Task brief
Transcribe the data exactly, pictures excluded.

Given information
"""
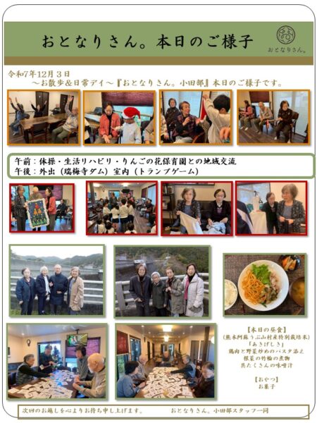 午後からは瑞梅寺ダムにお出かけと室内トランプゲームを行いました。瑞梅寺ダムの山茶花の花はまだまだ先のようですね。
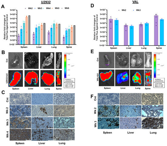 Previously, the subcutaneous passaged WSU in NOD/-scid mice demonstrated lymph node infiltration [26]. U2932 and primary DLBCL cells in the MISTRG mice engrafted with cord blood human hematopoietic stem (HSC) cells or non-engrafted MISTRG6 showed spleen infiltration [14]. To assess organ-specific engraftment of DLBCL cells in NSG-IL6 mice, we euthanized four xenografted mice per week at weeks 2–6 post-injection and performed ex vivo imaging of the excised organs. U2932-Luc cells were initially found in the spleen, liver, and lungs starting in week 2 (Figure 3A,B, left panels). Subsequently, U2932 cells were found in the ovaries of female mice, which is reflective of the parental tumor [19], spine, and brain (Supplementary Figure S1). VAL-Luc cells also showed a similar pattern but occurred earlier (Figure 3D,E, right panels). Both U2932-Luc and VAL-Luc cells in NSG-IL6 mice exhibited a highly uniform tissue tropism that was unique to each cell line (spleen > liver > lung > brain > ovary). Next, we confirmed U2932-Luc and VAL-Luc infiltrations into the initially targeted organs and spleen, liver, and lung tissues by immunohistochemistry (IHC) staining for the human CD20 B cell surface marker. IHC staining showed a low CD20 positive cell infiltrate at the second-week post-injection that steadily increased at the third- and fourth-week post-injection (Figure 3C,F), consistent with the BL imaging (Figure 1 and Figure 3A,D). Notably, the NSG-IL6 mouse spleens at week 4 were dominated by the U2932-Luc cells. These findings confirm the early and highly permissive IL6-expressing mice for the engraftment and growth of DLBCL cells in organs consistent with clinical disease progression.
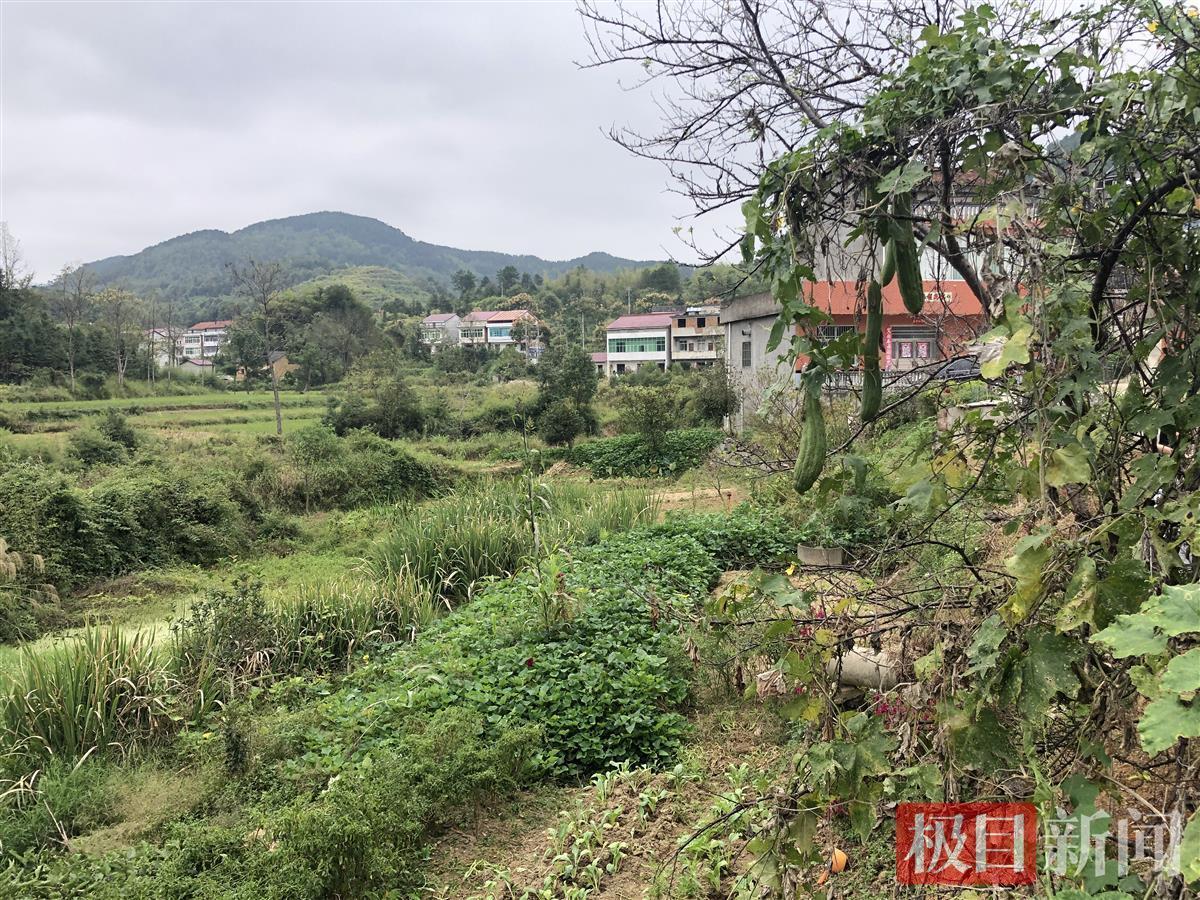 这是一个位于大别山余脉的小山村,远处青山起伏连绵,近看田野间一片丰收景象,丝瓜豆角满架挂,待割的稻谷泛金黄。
"""
Task output
 午後からは瑞梅寺ダムにお出かけと室内トランプゲームを行いました。瑞梅寺ダムの山茶花の花はまだまだ先のようですね。
 Previously, the subcutaneous passaged WSU in NOD/-scid mice demonstrated lymph node infiltration [26]. U2932 and primary DLBCL cells in the MISTRG mice engrafted with cord blood human hematopoietic stem (HSC) cells or non-engrafted MISTRG6 showed spleen infiltration [14]. To assess organ-specific engraftment of DLBCL cells in NSG-IL6 mice, we euthanized four xenografted mice per week at weeks 2–6 post-injection and performed ex vivo imaging of the excised organs. U2932-Luc cells were initially found in the spleen, liver, and lungs starting in week 2 (Figure 3A,B, left panels). Subsequently, U2932 cells were found in the ovaries of female mice, which is reflective of the parental tumor [19], spine, and brain (Supplementary Figure S1). VAL-Luc cells also showed a similar pattern but occurred earlier (Figure 3D,E, right panels). Both U2932-Luc and VAL-Luc cells in NSG-IL6 mice exhibited a highly uniform tissue tropism that was unique to each cell line (spleen > liver > lung > brain > ovary). Next, we confirmed U2932-Luc and VAL-Luc infiltrations into the initially targeted organs and spleen, liver, and lung tissues by immunohistochemistry (IHC) staining for the human CD20 B cell surface marker. IHC staining showed a low CD20 positive cell infiltrate at the second-week post-injection that steadily increased at the third- and fourth-week post-injection (Figure 3C,F), consistent with the BL imaging (Figure 1 and Figure 3A,D). Notably, the NSG-IL6 mouse spleens at week 4 were dominated by the U2932-Luc cells. These findings confirm the early and highly permissive IL6-expressing mice for the engraftment and growth of DLBCL cells in organs consistent with clinical disease progression.
 这是一个位于大别山余脉的小山村,远处青山起伏连绵,近看田野间一片丰收景象,丝瓜豆角满架挂,待割的稻谷泛金黄。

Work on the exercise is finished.